Düsseldorfer Fall vor Gericht : Rechtsstreit um Kündigung einer Wohnung dauert an

Sogar eine Demonstration begleitete den Prozess vor dem Amtsgericht in Düsseldorf. Der Richter gibt nun einen Termin für sein Urteil bekannt.

Eine Familie von Immobilien-Besitzern sieht sich als Opfer eines auch politisch motivierten Kesseltreibens. Auf der anderen Seite stehen Mieter, die ergangenen Eigenbedarfs-Kündigungen nicht folgen wollen und ihrem Vermieter nicht vertrauen.

Offenbar unversöhnlich stehen sich beide Seiten seit März in einem Amtsgerichtsprozess um die Räumungsklage für eine Wohnung in Unterbilk gegenüber. Am Dienstag wurde der Prozess mit der Vernehmung von Zeugen fortgesetzt, aber das letzte Wort steht noch aus: Am 1. September will der Richter sein Urteil verkünden. Es gilt bereits als sicher, dass die unterlegene Seite dann direkt vor die nächste Instanz ziehen wird.

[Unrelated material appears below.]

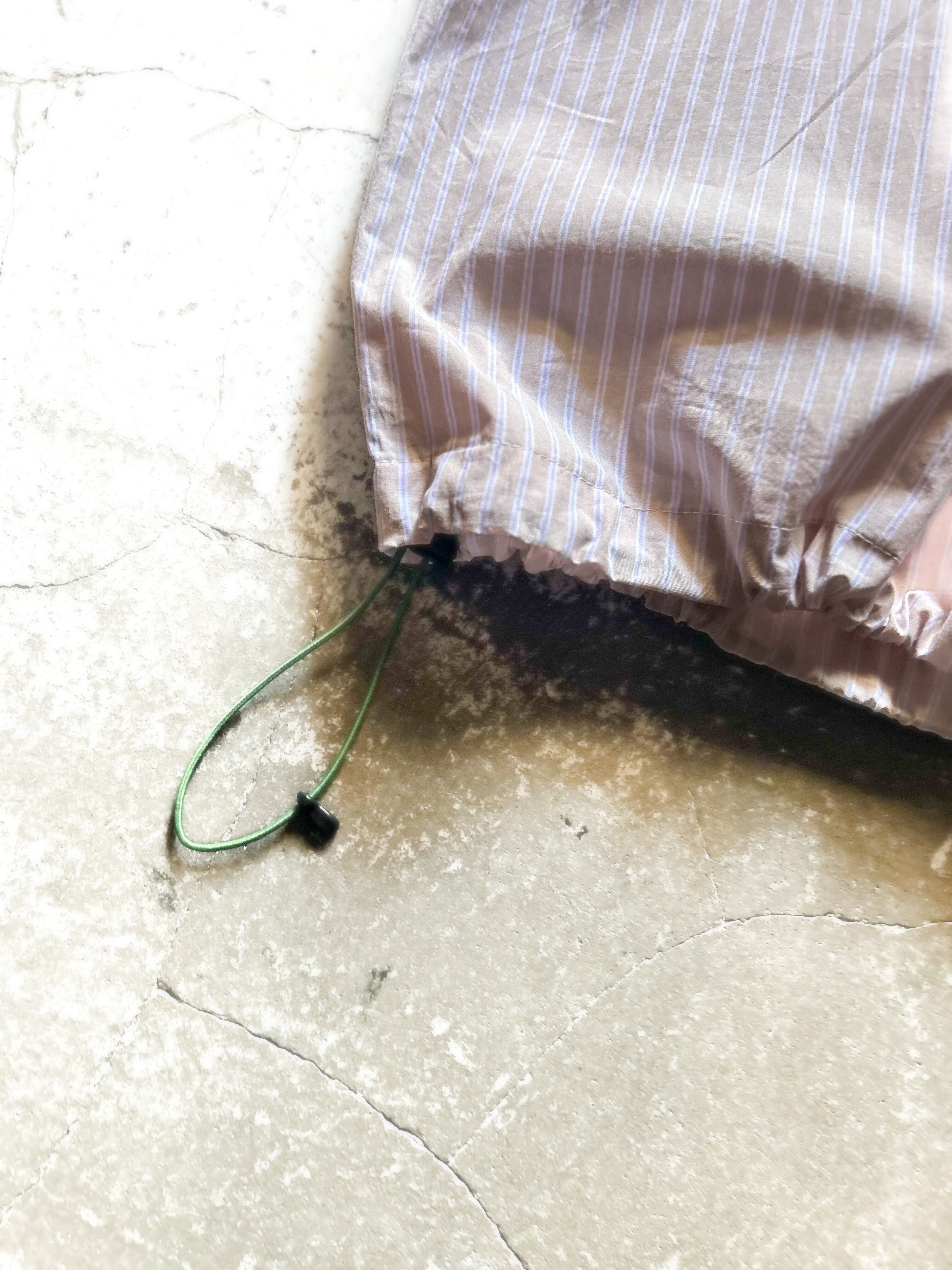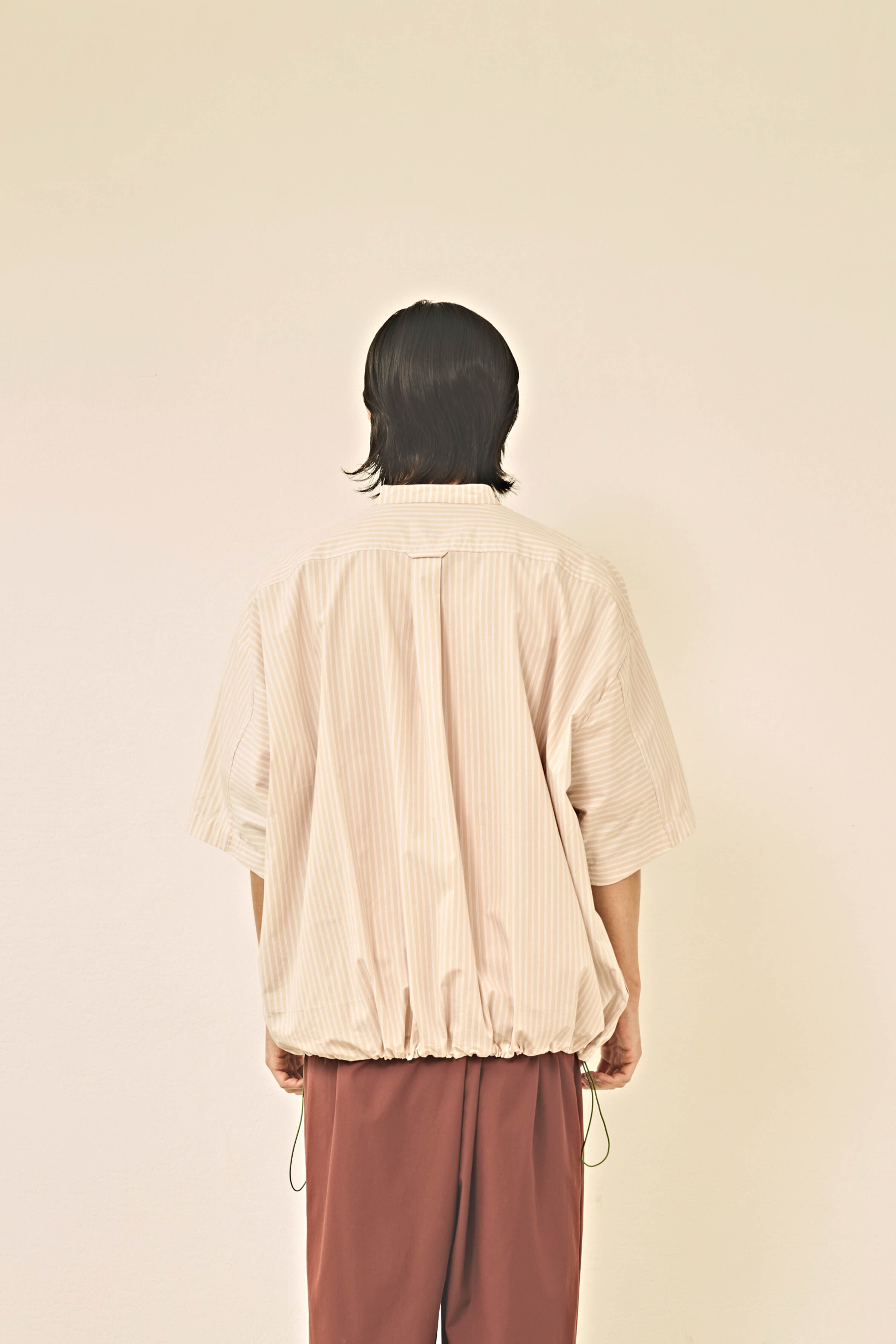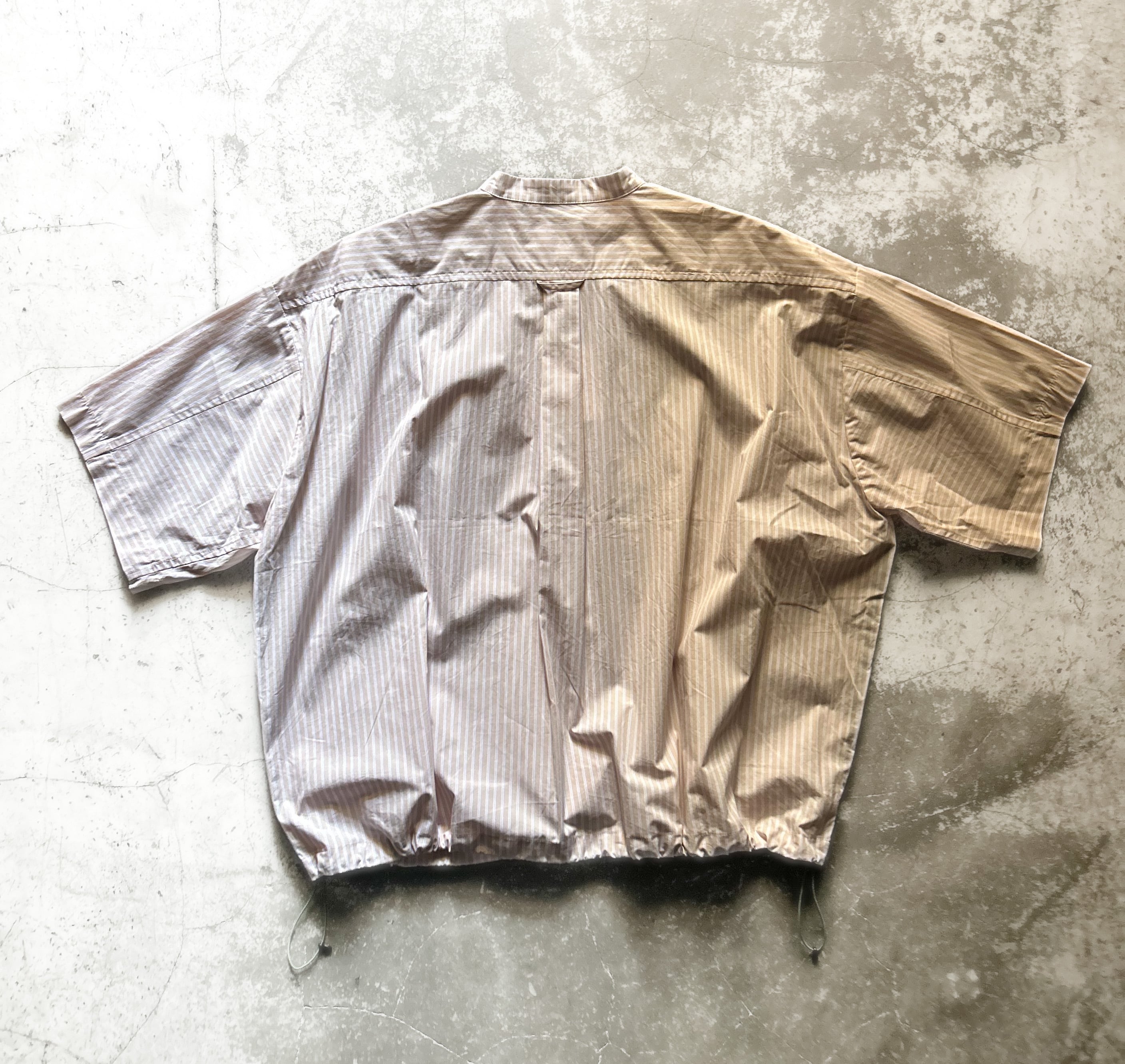 ピッチの細かいマルチストライプ柄のバンドカラーシャツ。リングドットボタンがミニマルきれない印象。大胆に身幅を広くして裾には配色のスピンドルが入りバルーンシルエット形成

Eine Stunde vor der Fortsetzung der Räumungsklage hatte das „Bündnis für bezahlbaren Wohnraum“ vor dem Justizzentrum in Oberbilk eigens eine Protest-Kundgebung organisiert. „Miethaien die Zähne ziehen“, hieß es auf Transparenten der rund 40 Demo-Teilnehmer. Deren Kernforderung: „Keine Profite mit der Miete“. Zu Prozessbeginn hatte Mieter-Anwalt Jasper Prigge offen gelassen, ob es in dem konkreten Kündigungsfall „um eine fingierte Kündigung geht“ oder nicht. Die Eigentümer-Familie habe aus seiner Sicht jedoch „keinen ernsthaften Willen“ erkennen lassen, tatsächlich selbst in die nach 27 Jahren gekündigte Wohnung dieses Mieters einzuziehen.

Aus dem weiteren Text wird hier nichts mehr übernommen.